# To trim or not to trim...



## RuthMill (Jun 30, 2012)

Below are some pics of Lola's legs which have by far the most amount of hair on her body so far! As you know she's a late developer coat wise. Anyway it's about 2.5-3 inches long and REALLY thick. I don't even brush her everyday and there are never any matts..yet!! What I'm wondering if should I get them trimmed or is it best to leave it? I really don't want to trim it but I'm aware her adult coat may start to come through then I will have no choice but to cut it REALLY short if her adult coat has a tendency to matt! Her fur is like cotton candy in feel and close up appearance, it's incredibly soft and fleece like. Really can't decide, her legs are so pretty.


----------



## RuthMill (Jun 30, 2012)




----------



## Kt77 (Sep 20, 2012)

I can't pictures? I'm on tapatalk though so maybe that?


----------



## RuthMill (Jun 30, 2012)

I forgot to attach them! Lol!


----------



## lady amanda (Nov 26, 2010)

Wow..that is long...as long as you can still run a brush through it I would leave it. Its gorgeous

Sent from my Galaxy Nexus using Tapatalk 2


----------



## Skyesdog (Jun 7, 2012)

She has such a pretty coat, I'd leave it for now! Lola's legs are long too and I worry about the snow (bad December forecast here) but for now we are leaving it!


----------



## RuthMill (Jun 30, 2012)

Oh good! I won't feel guilty for keeping it long! I do love it... It's so pretty. She looks like she is wearing frills when she's running about..


----------



## Ali79 (Mar 30, 2011)

Gorgeous coat - definitely leave it. I groom Beau on a daily basis and her fur is long (groomer in Pets at Home came to look at her even though I don't use them and said she has the longest fur he has seen on a Poo) but lately got a bit lazy and find it is the shorter fur that gets matted not the long! My daughter who has long hair said the shorter bits of her hair get knotty but the longer parts of her hair do a bit but are easier to brush out so maybe this is the way it is with Poo fur! Lola is beautiful


----------



## RuthMill (Jun 30, 2012)

Thanks Ali.. Beau is lovely too!


----------



## JoJo (Mar 2, 2011)

Lovely legs lol .. yep I woudl leave them and only trim them a little bit if matts do start. 
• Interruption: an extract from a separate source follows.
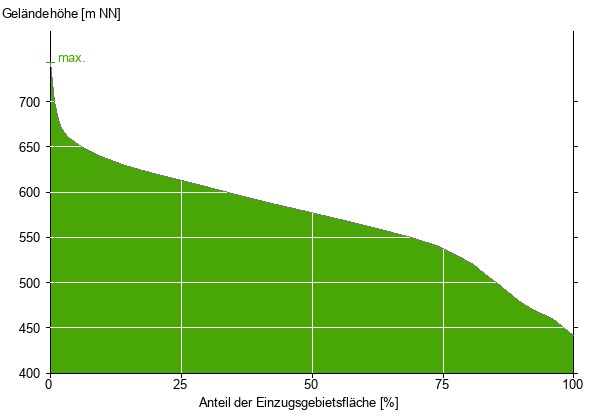 Die hypsographische Kurve zeigt die Höhenlagen und die Gefälleverhältnisse im Einzugsgebiet.

Keep checking for matts on paws too


----------



## mairi1 (Mar 12, 2012)

Definitely NOT TO TRIM...

Would love to see Lola running with the wind in her hair 

xxx


----------



## RuthMill (Jun 30, 2012)

Hahaha. Sounds so romantic!


----------



## Janev1000 (Oct 4, 2011)

Hi Ruth Honey's legs are the same and very thick to comb through. I guess it's where the spaniel gets it's thickest feathering and it's following the same growth pattern. I'm going to wait until the rest of her coat is longer and then give her a trim to get rid of all her wispy ends. Her coat is developing more slowly too. I do get tired of the amount of people who expect a poo cross to be completely curly by 4 months! They expect them all to take after the poodle. x


----------



## JoJo (Mar 2, 2011)

I love thick and fluffy legs .. yep that sounds so wrong lol, but you poo owners know what I mean.


----------



## RuthMill (Jun 30, 2012)

Janev1000 said:


> Hi Ruth Honey's legs are the same and very thick to comb through. I guess it's where the spaniel gets it's thickest feathering and it's following the same growth pattern. I'm going to wait until the rest of her coat is longer and then give her a trim to get rid of all her wispy ends. Her coat is developing more slowly too. I do get tired of the amount of people who expect a poo cross to be completely curly by 4 months! They expect them all to take after the poodle. x


I usually get people telling me I'm wrong about her breed! Usually snobby full breed owners. It doesn't bother me anymore. The odd person will call her a cockapoo straight off. There is a little cocker at day care who is very like Lola but Lola has a completely different body shape. She is changing fast and whilst I don't think she will ever be curly, she certainly will have the shaggy wavy look. Funny thing was the other day for the first time someone called her a poodle! Baffles me. Just goes to show everyone sees things differently. All I care about is that she is a brill doggy and utterly delicious!


----------



## RuthMill (Jun 30, 2012)

JoJo said:


> I love thick and fluffy legs .. yep that sounds so wrong lol, but you poo owners know what I mean.


If I don't do something soon my legs might match your description as well as Lola's! Hahahaahaaaa


----------



## Jedicrazy (Apr 26, 2011)

No don't cut yet. If there are no matts then just enjoy the lovely long coat. I've just cut Obi really short for the first time ever and I hate it. It just doesn't look like him any more and won't take a photo till it grows back a bit . Roo's coat is just starting to thicken out a bit more and I can see the curls coming in on her bum but most people still take her for a spaniel at the moment but I think the roan colour fools people.


----------



## Nanci (Mar 1, 2012)

Sami's fur looks the same as Lolas . . very long right now and funny thing as I have always bragged about no matts and I found 2 today . . 1 under each front leg, they were quite close to his skin so I teased then up a bit and had to cut them out. His fur is so long and thick you cannot tell, but will be more diligent about brushingh him. I have never had him cut yet so he is quite long. I hope I can keep on top of it as my husband does not want his hair cut short. He looks lovely in the wind blowing all over! I am trying to book him now for a Christmas shampoo and will have her trim the ends. 
If Lola does not have matts, keep that beautiful coat!!! She is beautiful!!


----------



## RuthMill (Jun 30, 2012)

Thanks guys.. We are brushing everyday now just to be extra vigilant. Lola enjoys it, so it's a bonus!


----------



## wilfiboy (Sep 18, 2010)

yeh im with everyone else if you can manage it then keep the coat, she looks fab x


----------